The Interactive Advertising Bureau (IAB) and Bain & Company today announced the release of a benchmark study which suggests that online publishers are increasingly turning to sales intermediaries known as ad networks to sell off excess inventories. The use of “ad networks” surged from 5% of total ad impressions sold in 2006 to 30% in 2007, according to the newly released “Digital Pricing Benchmarking Study” from Bain, the global business consulting firm, conducted in coordination with the Interactive Advertising Bureau.

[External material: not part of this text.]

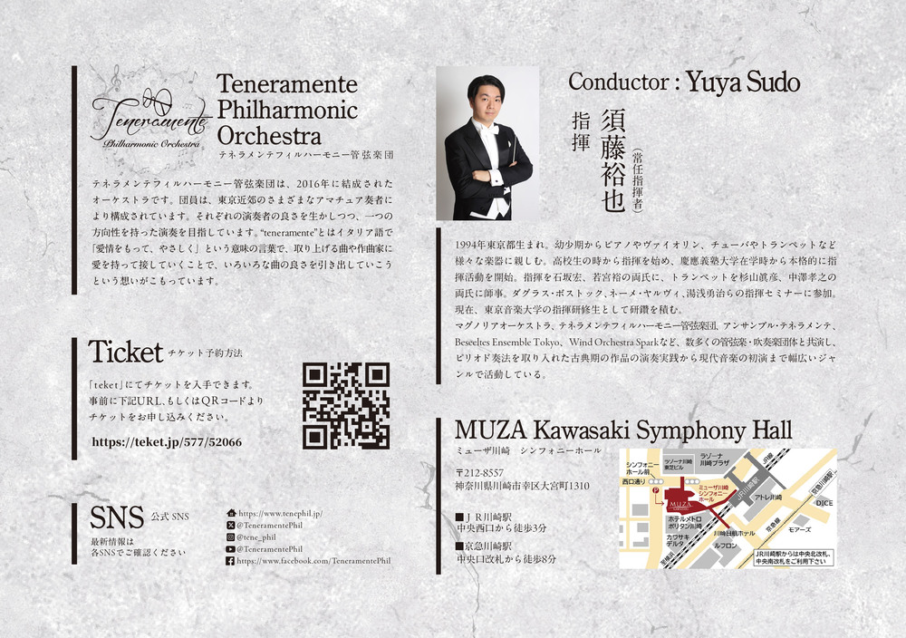 我々テネラメンテフィルハーモニー管弦楽団(通称テネフィル)は、常任指揮者である須藤裕也をはじめ、意欲あふれるメンバーで運営されています。

Keep in mind that the above study is being promoted by the IAB… for a more sanguine look at online ad networks you should read this piece in MediaWeek:
“While ad networks and their cousins, ad exchanges, offer an efficient way to unload inventory that would otherwise go unsold, common complaints are that networks amount to paltry ad rates, low-rent ads and, ultimately, the threat of undermining a brand’s value. “
Why is this a race to the bottom? For starters, the only real differentiator that the 300+ ad networks can control is price and even there the unit metric is entirely direct response based, as opposed to brand metrics that advertisers care about equally if not more so than how many people are clicking on the ad unit.
I’m still learning my way around the online advertising space but I do know enough to suggest with some certainty that simply commoditizing a fungible product leaves you with little maneuvering room in a very crowded and noisy marketplace.